Mandragora - or Mandrake - is a noxious plant named from two Greek words meaning “harmful to cattle”. Reportedly hallucinogenic and used in the distant past as an anaesthetic before operations, it was fabled to grow under the gallows of hung men, and thirst for their sperm. When dug up, the plant howled and shrieked and bought instant death to the digger.
The so-called Velvet Revolution, a romantic event which brought an end to Communist government in Czechosolvakia in 1989, brought welcome change but with such change comes instability and fracture. Many young Czechs moved from newly dead rural areas to try their luck in shadowy Prague. For every Lukas Ridgeston, however, there were hundreds of less-photogenic men who ended up as exploited, displaced street hustlers snatching at a buck or two wherever they could find it.
Put these two threads of recent history and botanic mythology together and you’ve got Mandragora, a relentlessly depressing if rather melodramatic underside look at the lives of poor young men in Eastern Europe. Those brought up on Bel Ami porn who imagine Prague to be a wealthy Eden of gay porn superstars and glamorous gay hustlers will be seriously unsettled by this sometimes ghastly, Vampiric piece.
Marek (Mirek Caslavka) lives with father in rural Czechoslovakia.
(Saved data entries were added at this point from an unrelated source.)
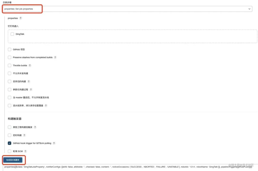 1,在片段生成器中选择 properties: Set job properties 生成代码片段。由于只是使用了 git hook trigger 所以要对生成的片段稍作修改。
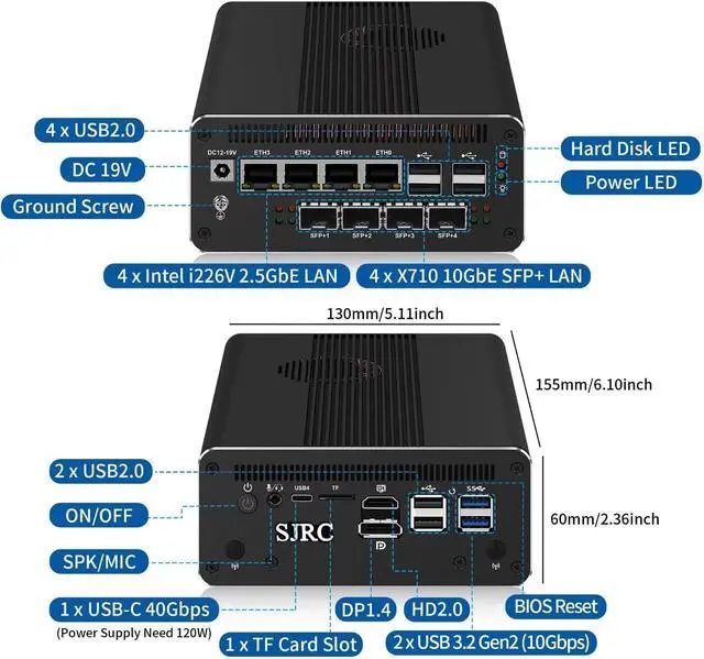 Networking: 4 x In-tel 2.5GbE LAN + 4 x X710 10Gb, SFP+ .
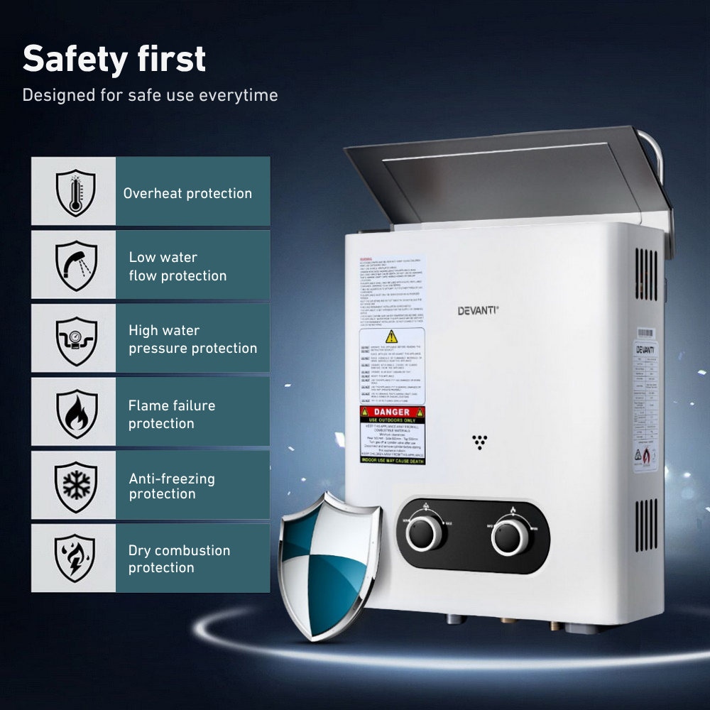 Devanti Portable Gas Water Heater LPG-Powered System - White
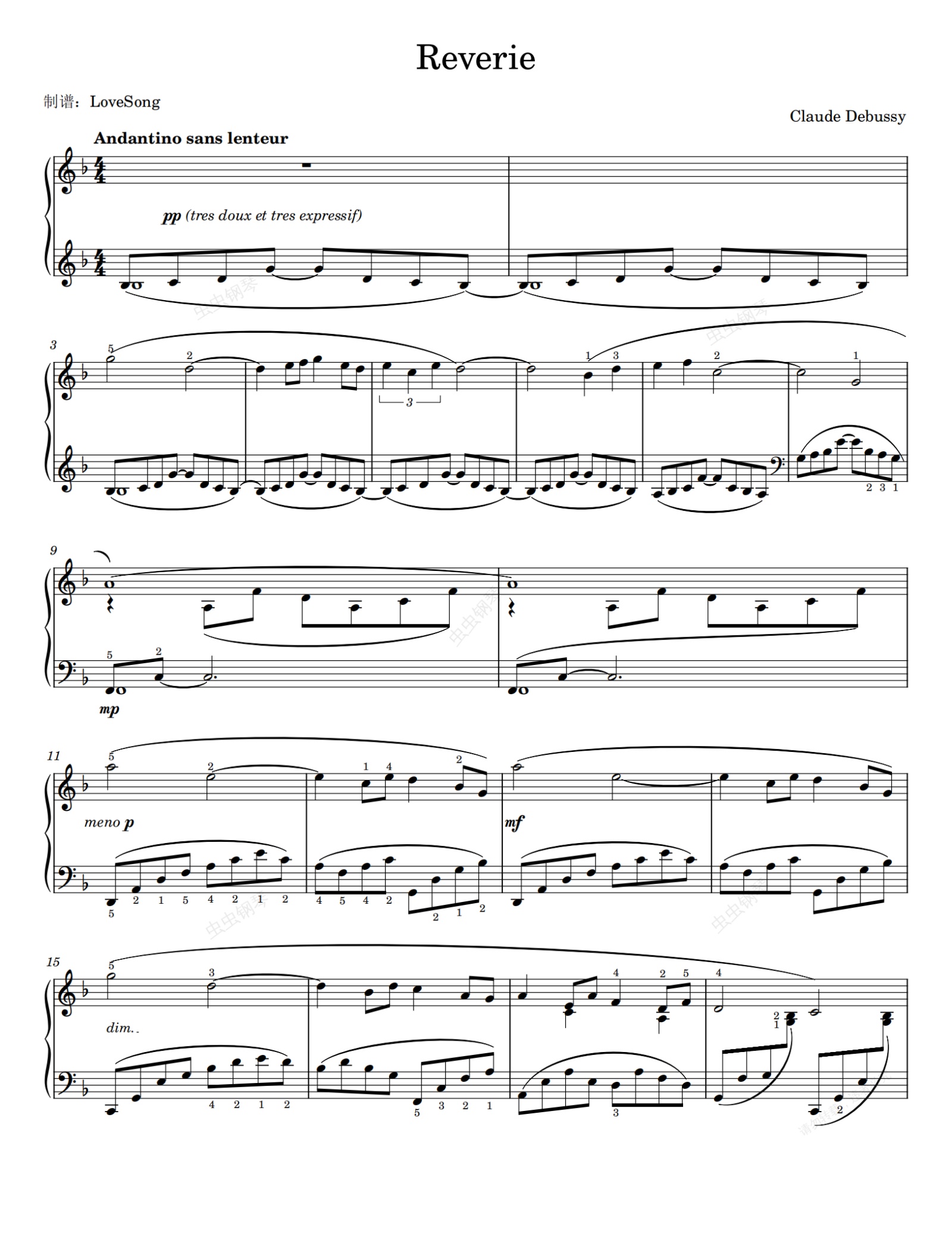 钢琴谱:德彪西 Reverie 梦幻曲 带指法 冥想曲 幻想曲

He’s in training to become a welder, like his father, but he has no interest in welding or living out the potato-eating life of his forebears. So he breaks into a shop and steals some city clothes and the money for a train trip to Prague. When he disembarks there, he encounters the train station hustlers, a lowly group under the thumb of Honza (Pavel Skripal), a leather-clad creep who immediately tricks Marek into his first trick, which just happens to involve some secret Rohypnol and a fat old slag who refers to Marek as a rabbit. Things unravel pretty quickly for Marek from here, as he is taken under the younger, handsomer but not much more responsible wing of David (David Svec), a fellow hustler. They try a bunch of things to maximise their earnings, including shooting low-rent porn and working for different pimps, but things go from bad to worse and it isn’t long before heroin and HIV enter the frame.
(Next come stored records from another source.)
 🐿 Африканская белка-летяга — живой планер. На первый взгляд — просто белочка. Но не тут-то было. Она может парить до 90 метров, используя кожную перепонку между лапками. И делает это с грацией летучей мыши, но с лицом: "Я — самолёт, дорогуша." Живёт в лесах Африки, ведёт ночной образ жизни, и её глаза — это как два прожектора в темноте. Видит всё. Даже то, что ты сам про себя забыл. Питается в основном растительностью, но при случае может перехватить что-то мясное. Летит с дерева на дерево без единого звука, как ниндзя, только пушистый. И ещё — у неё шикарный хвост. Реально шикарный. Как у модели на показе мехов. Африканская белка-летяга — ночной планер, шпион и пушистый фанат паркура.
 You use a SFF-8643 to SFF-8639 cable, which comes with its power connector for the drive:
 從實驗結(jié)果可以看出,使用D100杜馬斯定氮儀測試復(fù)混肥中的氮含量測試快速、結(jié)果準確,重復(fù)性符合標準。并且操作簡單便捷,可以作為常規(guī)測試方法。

There’s not a lot of optimism in Mandragora, and the purgatorial structure of the third act, which features one false, tragic ending after the next, is totally free of hope. By this stage of the movie Marek’s tricks include a wealthy Englishman who likes to have boys surgically rearranged, without anaesthetic, to look like classical statuary. An American trick drugged and robbed by Marek and David virtually rises from the grave, returning to wreak revenge with a unlubricated pool cue. The junkie eye make-up and fake yellow teeth of the final scenes are about the only mirth-inducing distraction from the constant bleakness.
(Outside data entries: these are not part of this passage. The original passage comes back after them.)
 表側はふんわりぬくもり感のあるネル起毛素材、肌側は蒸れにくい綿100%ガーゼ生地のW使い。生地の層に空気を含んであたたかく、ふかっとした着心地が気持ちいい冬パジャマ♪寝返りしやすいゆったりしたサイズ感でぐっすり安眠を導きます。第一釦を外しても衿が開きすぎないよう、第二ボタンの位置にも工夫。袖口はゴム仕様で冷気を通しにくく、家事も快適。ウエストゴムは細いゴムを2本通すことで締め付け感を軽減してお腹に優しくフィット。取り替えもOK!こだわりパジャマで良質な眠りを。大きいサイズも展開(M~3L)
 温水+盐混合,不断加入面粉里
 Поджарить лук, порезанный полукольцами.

It all balances precariously on the edge of ridiculousness, but somehow it landed on the impressive side for me. The strong acting, including an ensemble made up of actual Prague street hustlers, is a plus, and there’s a crumbling, post-Communist authenticity to the locations. The melodramatic pitch and predictable storyline seem to match that particularly Eastern European aesthetic, which reaches for the skies occasionally, but which in the main stays pessimistic and rugged up against the cold.